Il dibattito al ‘Cassarà’
Si scende dalla presidenza fino al teatro della scuola, al ‘Cassarà’, per partecipare al dibattito. Le ragazze e i ragazzi, a loro volta, raccontano, qui protetti dall’anonimato. Lei e lui indicano la pluralità degli interventi, voce per voce. Lei dice: “C’era una mia amica con un fidanzato molto possessivo. Lui non voleva che uscisse da sola con noi, le sue amiche, si arrabbiava se lei abbracciava un altro ragazzo, gridava, era violento. La perseguitava in tutti i modi. Per fortuna, la mia amica ha trovato il coraggio di lasciarlo”.
“Le ragazze vanno protette”
Nella memoria scorrono le notizie di questi giorni. Il sorriso di Giulia che abbraccia un albero, sforbiciato dalla violenza, dalla sofferenza, da una fine iniqua. Lei, con la felpa, dice: “Ora ne parliamo, ma tra un po’ dimenticheremo, fino alla prossima vittima. Parlano anche i ragazzi. Lui, altra felpa chiara, dice: “Le ragazze vanno protette, se uno ama non fa certe cose che non sono da fare, a prescindere”. E si sviluppa un dibattito se, per caso, la ‘protezione’ non sia un retaggio maschilista. Ma in questo discorso c’era soltanto un porgere la mano, per non sentirsi soli.
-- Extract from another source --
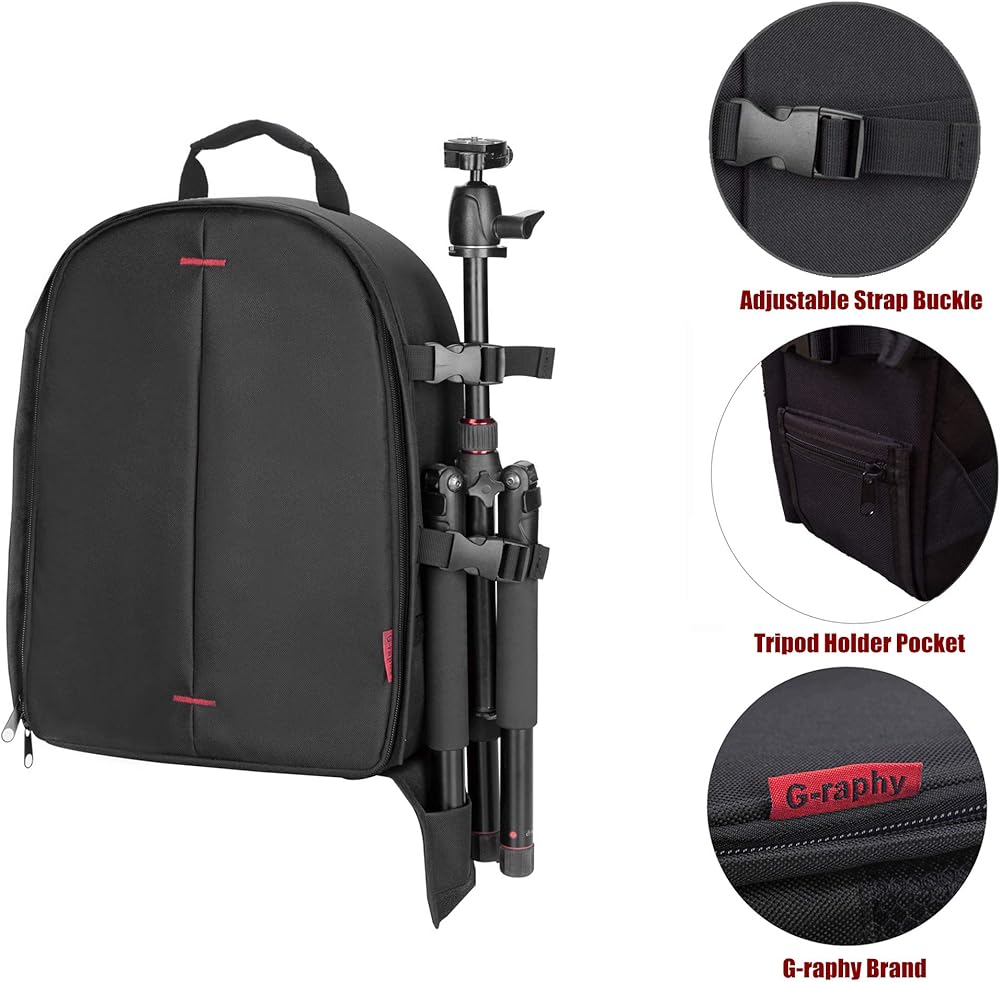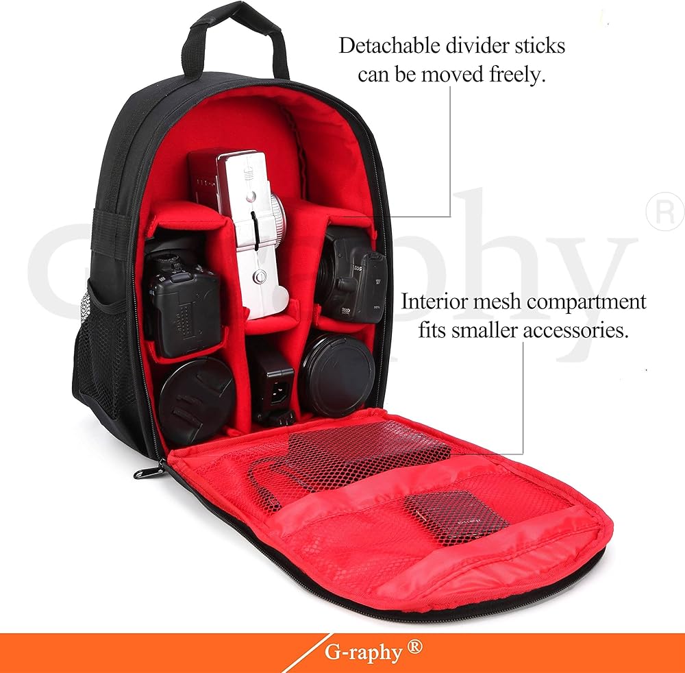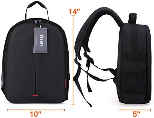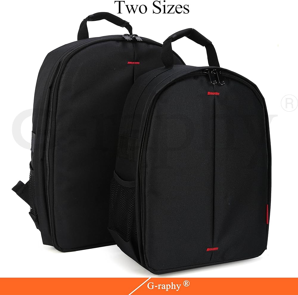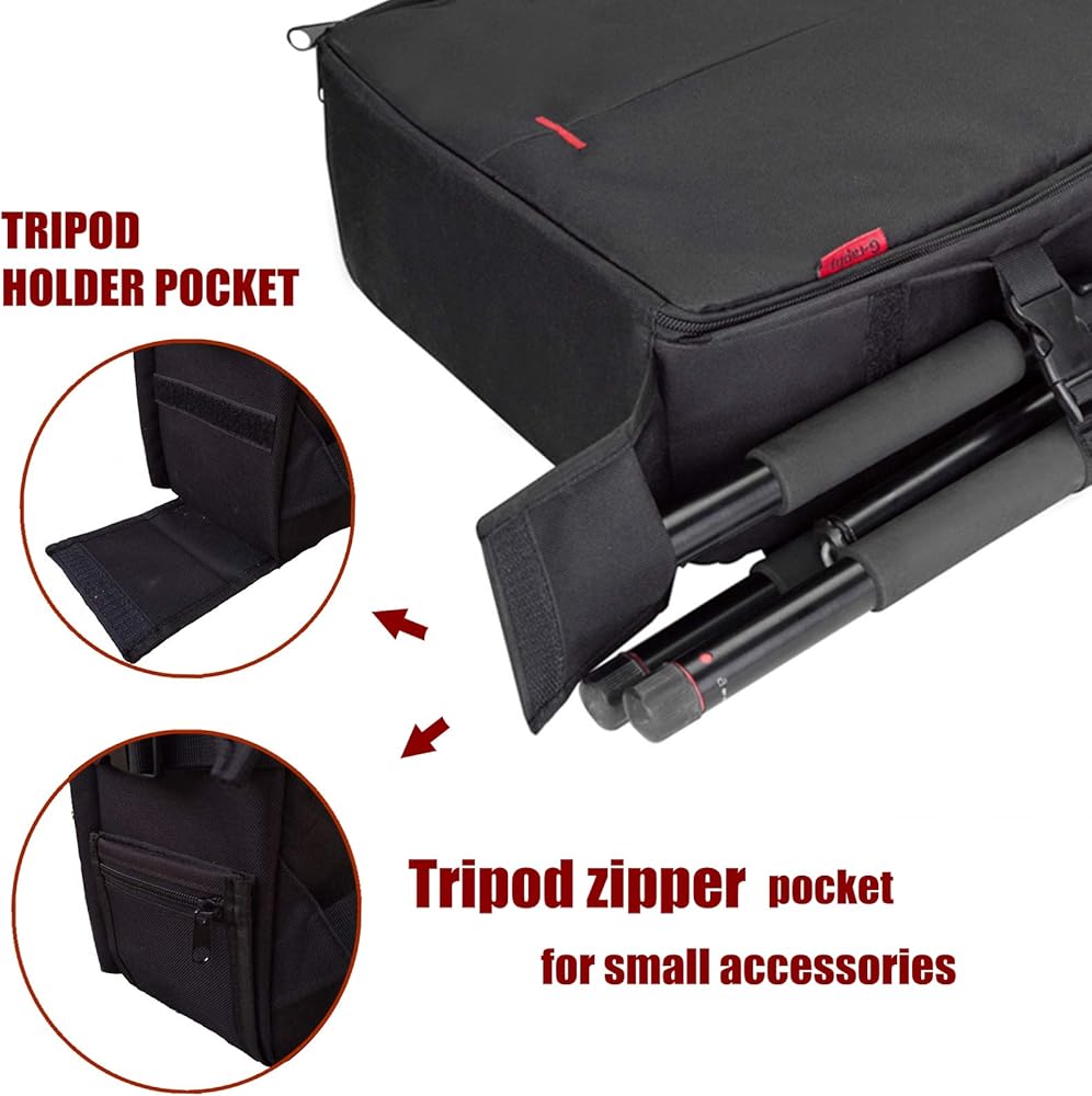 الأبعاد الخارجية: 35.56 سم × 25.4 سم × 12.7 سم. يحمل ويحمي كاميرا وعدسة DSLR، و3-4 عدسات إضافية، وفلاش مثبت على الحذاء، بالإضافة إلى حامل ثلاثي القوائم صغير الحجم أو حامل أحادي.

“Se ti innamori di quello sbagliato…”
Parlottano, le felpe, i maglioncini, i giubbotti, gli occhiali… Rimandano l’eco di una comunità sveglia, sensibile, che non ha tutte le risposte, ma ha le idee chiare, grazie al lavoro di sensibilizzazione tra i banchi. Vengono narrate altre storie di adolescenti gelosi che imprigionavano e di voli spiccati, per fortuna, nonostante le trame spesse della rete. Lei dice: “Mentre al Tg si parlava di Giulia, i miei genitori si sono voltati verso di me e mi hanno spiegato che è meglio essere sempre aperti, per non nascondere mai nulla. Ma io ho paura lo stesso. E se incontrassi uno come Filippo? Magari ti innamori di quello sbagliato e non vedi com’è”. Lei dice: “Tutti gli uomini non sono così, ma siamo sempre noi a morire. Non sono tutti gli uomini, ma sono sempre tutte le donne, siamo noi le vittime”.
Cala un altro minuto di silenzio, stavolta, non programmato nel teatro-assemblea. Dentro c’è lo sconforto, con la voglia di non arrendersi, fuori c’è il sole. Dentro c’è l’immagine sorridente di Giulia, abbracciata, stretta stretta, al suo albero. Come per non lasciarlo più.